Inflation increased after the pandemic, prompting central banks to begin a rapid rate hiking cycle. Russia’s invasion of Ukraine then pushed up energy and food prices further, with inflation rising to levels not seen in decades. The ECB responded by raising interest rates by a cumulative 450 basis points between July 2022 and September 2023 – the fastest rate hiking cycle in the history of the euro area. The ECB also transitioned from quantitative easing to quantitative tightening by ending net purchases under its asset purchase programme as of July 2022, then announcing a reduction in the portfolio from March 2023 onwards.[20] This has taken liquidity out of the banking system, which is already triggering changes in banks’ funding mix. For example, some banks have obtained more market funding by issuing securities or have increased interest rates to attract deposits.

Fiscal policy is also adjusting. Support measures introduced during the pandemic and the energy crisis are being unwound. The EU's revised economic governance framework will require gradual debt reduction.
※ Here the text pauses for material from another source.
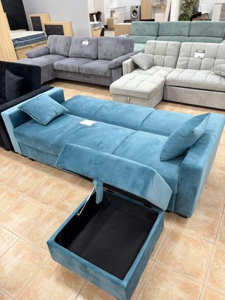 Magnifica opción si deseas un sofá chaise longue multifuncional. Convertible en cama con sistema de arrastre y con arcón en la parte del chaise. > Medida: 216x134cm > Tapizados: terciopelo, tela *3 AÑOS DE GARANTIA. *ENVIO A DOMICILIO (CONSULTAR PORTE) *PAGO AL MOMENTO DE LA ENTREGA.

Fiscal policy may become more targeted and shift its focus towards the climate transition and security. This may limit its ability to provide extensive support to households and firms in financial distress.

The financial system has so far absorbed recent shocks. For the banking sector, the increase in interest rates was a real-world scenario that would have previously been considered an extreme stress event. The “Basel interest rate shock” that supervisors use to assess interest rate risk in the banking book assumes a shift of 200 basis points. The short-term impact of higher interest rates has been positive for banks’ interest margins.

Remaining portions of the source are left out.